> **ACTIVITY**:
Once the line with "Faqueiro 130 Peças" is found in the data, output it and each following line exactly, up to and including the line with "此信号出现于拉升途中或阶段底部箱型震荡等形态中。", and nothing before or after.

> **AVAILABLE DATA**:
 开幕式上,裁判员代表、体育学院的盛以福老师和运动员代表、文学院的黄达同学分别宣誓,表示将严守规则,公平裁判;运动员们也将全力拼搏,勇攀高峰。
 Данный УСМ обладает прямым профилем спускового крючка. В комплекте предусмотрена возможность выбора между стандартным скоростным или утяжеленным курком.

---

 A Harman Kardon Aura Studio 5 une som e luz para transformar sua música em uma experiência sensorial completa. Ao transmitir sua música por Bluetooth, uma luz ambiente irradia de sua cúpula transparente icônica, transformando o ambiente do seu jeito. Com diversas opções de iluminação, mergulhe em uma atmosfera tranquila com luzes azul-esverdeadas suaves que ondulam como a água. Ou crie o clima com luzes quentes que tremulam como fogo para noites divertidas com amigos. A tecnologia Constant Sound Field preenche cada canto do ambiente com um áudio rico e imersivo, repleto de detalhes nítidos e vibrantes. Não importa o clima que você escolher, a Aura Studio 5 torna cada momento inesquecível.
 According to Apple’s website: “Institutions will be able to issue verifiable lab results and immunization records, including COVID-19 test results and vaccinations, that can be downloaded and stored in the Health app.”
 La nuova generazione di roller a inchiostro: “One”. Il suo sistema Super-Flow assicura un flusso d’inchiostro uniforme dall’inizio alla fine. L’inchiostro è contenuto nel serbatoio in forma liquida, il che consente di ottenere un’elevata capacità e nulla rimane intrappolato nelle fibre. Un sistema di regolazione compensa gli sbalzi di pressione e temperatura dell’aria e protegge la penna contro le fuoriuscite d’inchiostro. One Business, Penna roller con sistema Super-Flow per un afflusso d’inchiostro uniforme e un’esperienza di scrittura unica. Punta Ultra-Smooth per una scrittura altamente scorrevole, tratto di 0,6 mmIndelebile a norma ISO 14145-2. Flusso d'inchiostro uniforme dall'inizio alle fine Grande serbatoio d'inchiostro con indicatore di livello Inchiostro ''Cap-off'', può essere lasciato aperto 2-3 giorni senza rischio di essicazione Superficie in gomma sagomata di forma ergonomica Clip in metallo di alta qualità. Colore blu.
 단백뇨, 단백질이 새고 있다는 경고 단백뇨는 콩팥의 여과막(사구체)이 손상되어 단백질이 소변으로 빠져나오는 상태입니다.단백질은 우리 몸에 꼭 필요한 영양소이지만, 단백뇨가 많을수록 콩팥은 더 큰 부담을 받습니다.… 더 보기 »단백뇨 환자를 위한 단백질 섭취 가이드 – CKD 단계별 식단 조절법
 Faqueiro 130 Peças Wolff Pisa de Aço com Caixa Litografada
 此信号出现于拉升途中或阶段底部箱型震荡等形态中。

> **YOUR SOLUTION**:
 Faqueiro 130 Peças Wolff Pisa de Aço com Caixa Litografada
 此信号出现于拉升途中或阶段底部箱型震荡等形态中。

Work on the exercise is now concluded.